This boy and his demands, I swear.
It is now 4:40am, and no, I still have not slept.
I've never actually told him that I've had feelings for him. Those words were never directly stated, in fact, knowing me, I may not even be capable of saying them.
We've skirted around the issue, though, often enough for him to get the point, I think. I remember once he told me that once he saw a girl... choosing certain lifestyle habits, he could never be interested in them romantically. I remember cringing inwardly as soon as he told me that, the weight of possibility disappearing without a backward glance and leaving behind a heaviness greater than that of possibility itself.
I was foolish, though, to expect in the first place. It's just that he's so nice at times that I can't help myself.
Sometimes, when I'm out late, or early, depending on how you look at it, I'll think of him and what he said, and how he never really pressures me to quit anything, but sometimes he'll tell me that I shouldn't, that I mustn't. Like when I'm racking lines on CD cases, or sitting on railroad tracks, smoking, walking through streets slightly buzzed.
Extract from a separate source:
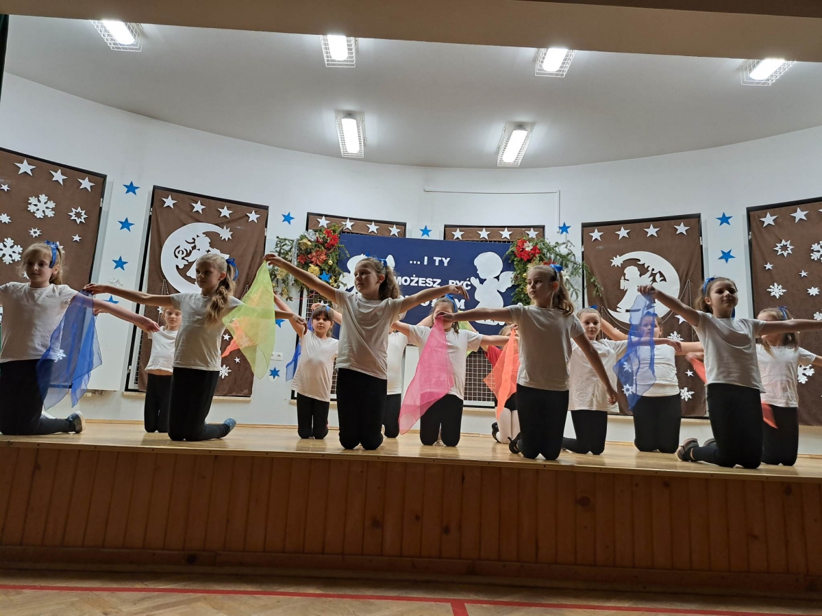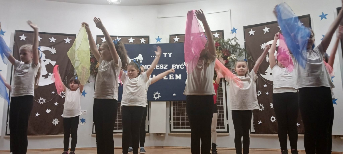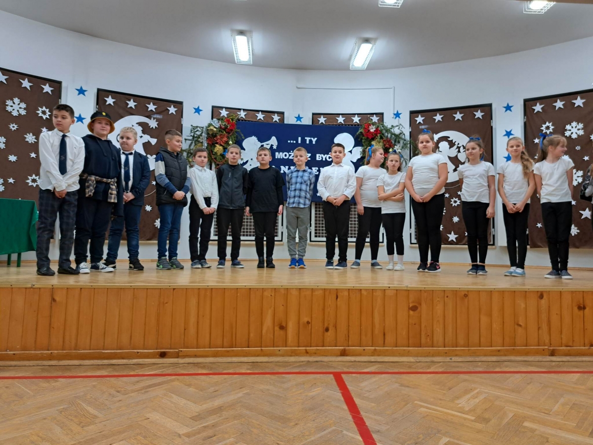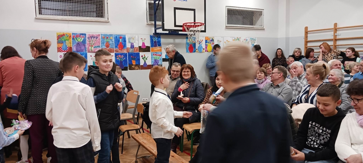 20 stycznia odbyło się w naszej szkole uroczyste spotkanie wnuków z Babciami i Dziadkami. Dzieci z klas I-III oraz z OP ,,Mądre Sówki" zaprezentowały miłym gościom swoje umiejętności aktorskie, taneczne, wokalne i recytatorskie. Babcie i Dziadkowie obejrzeli zachęcające do refleksji Jasełka, wysłuchali wierszy, piosenek i płynących z serca życzeń, a także z radością podziwiali pokaz grupy tanecznej ,,Małe Gwiazdki". Wszystkie dzieci starały się wystąpić jak najpiękniej, aby w ten sposób okazać swoje uczucia bliskim. Podczas spotkania nie zabrakło też wspaniałych prezentów własnoręcznie wykonanych przez dzieci i wspólnie spędzonego czasu podczas słodkiego poczęstunku. Całe spotkanie przebiegło w miłej, a nawet rodzinnej atmosferze.

But to be honest, such thoughts have the unfortunate effect of pushing me closer to recklessness; I think about him, then rack another line, take another drag, take another swig. Maybe to forget or to avoid; knowing me, probably a bit of both.
Not that it really matters, anyway.
To be honest, there's still a slight tugging. When he says he'll take me to the beach, when he calls me funny, when he mentions fireworks. I try and ignore it, always, but I've never been one to completely deny things; I have to admit that it's there, tugging...
lundi 1 juin 2009
ERIC (2)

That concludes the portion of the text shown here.